Another potential initiative aims to get funding for more outreach efforts, specifically at the state level, to help enroll more kids in Utah. Mandle said 85,000 children are uninsured in the state. And while various, not-for-profit organizations, schools and other groups are already working to reach families without access to insurance, the state lost its outreach funding during the recent recession.
Voices for Utah Children is also supporting efforts to remove a five-year waiting period for immigrant children who come to the state legally, so they can get and keep coverage earlier.
"There's a lot of people not signing up out of confusion around the rules," Mandle said, adding that removing trickier stipulations might help.
"We're getting creative with different solutions," said Rylee Curtis, senior health analyst with Utah Health Policy Project, a group that advocates for the state's uninsured. She said aside from full expansion of Medicaid in Utah, the entire coverage gap may not get help from the initial bills in this session.

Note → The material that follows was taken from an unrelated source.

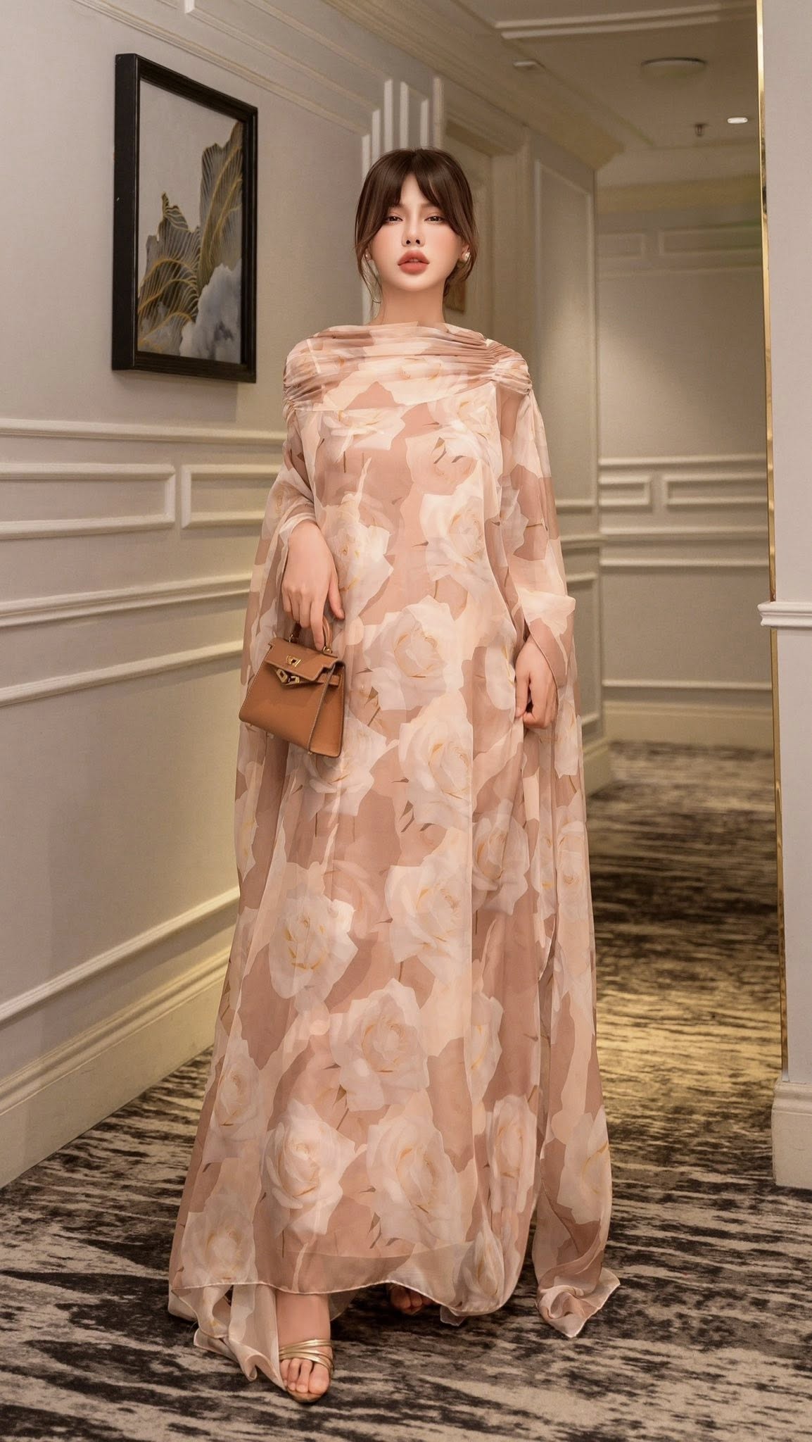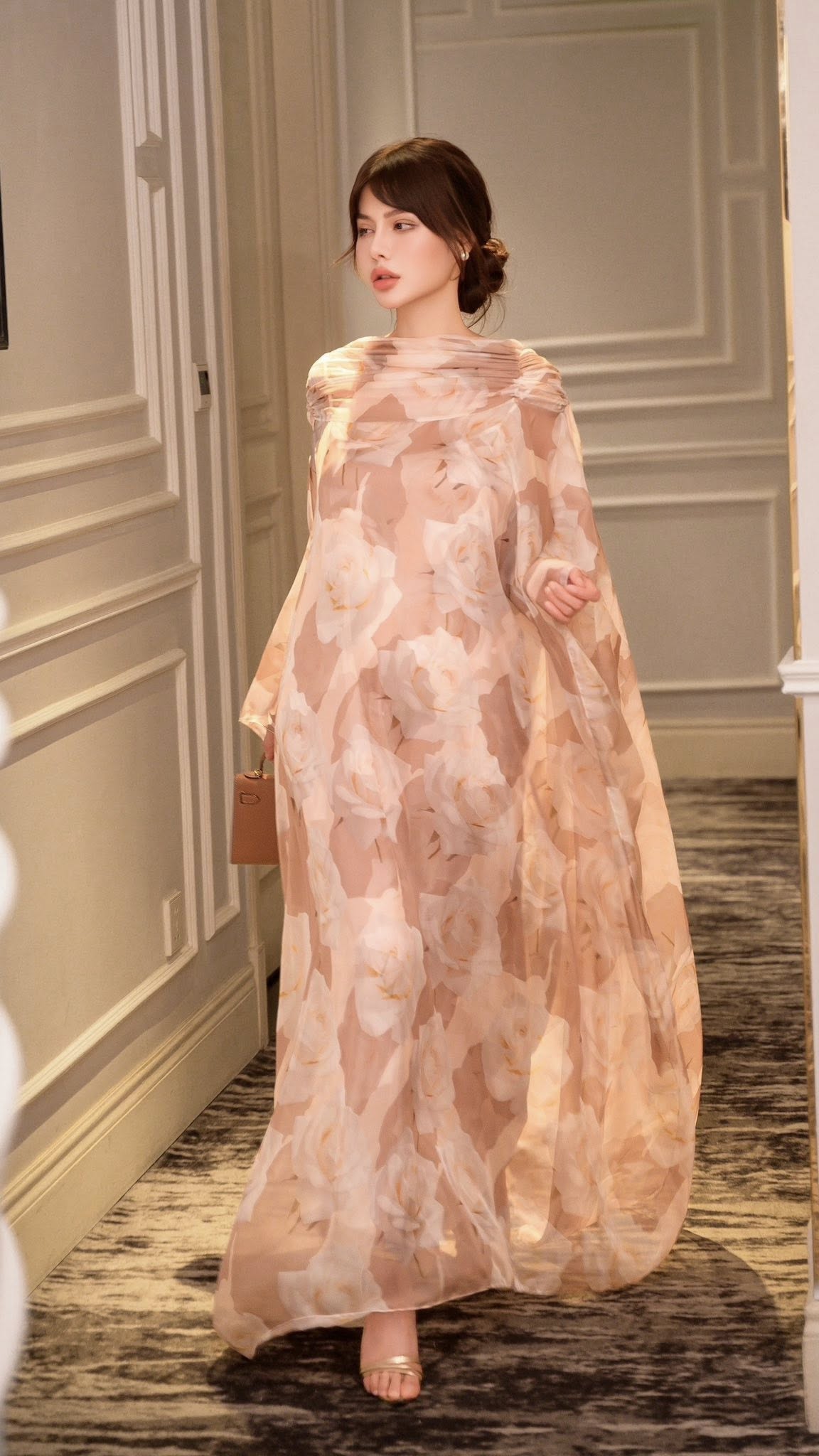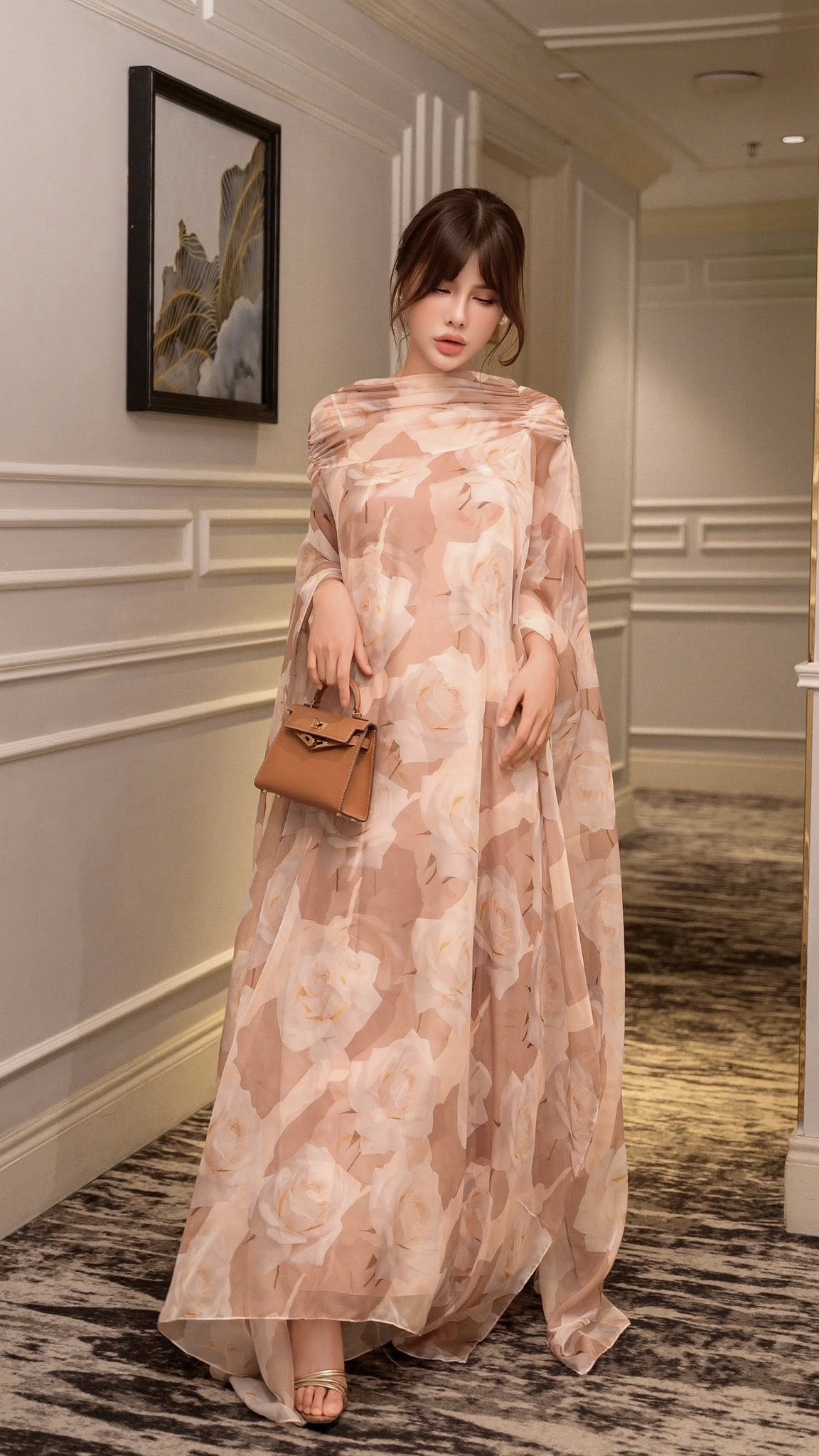 Đầm xuông maxi với phần tay liền rộng, cổ thân sau xẻ V có buộc dây Seraphic Poise 25S1W462001H021

But they are remaining hopeful something will help.
"We still want full expansion, but if we could get a bill that would cover some 20,000 homeless or at-risk of becoming homeless, it would be something," Tibbitts said. "There's a lot of services they can't get because they don't have a way to pay for it."
He said any group of uninsured Utahns would likely be grateful for the help, and it "could change lives."
"When you're in that situation, you are very clear you'd like to get the health care you need," Tibbitts said, adding that 96 percent of people who stayed at the shelter in the past year reported extremely low incomes. And 82 percent of those had no form of health care insurance.
The numbers are similar for people living in supportive housing programs throughout the state.
He said if even a portion of those people were eligible for insurance, it could change the face of homelessness in Utah.
"We know everyone is in a tough place with this," Mandle said. "We all want to close the coverage gap. We're all struggling to get something that will work for everyone involved."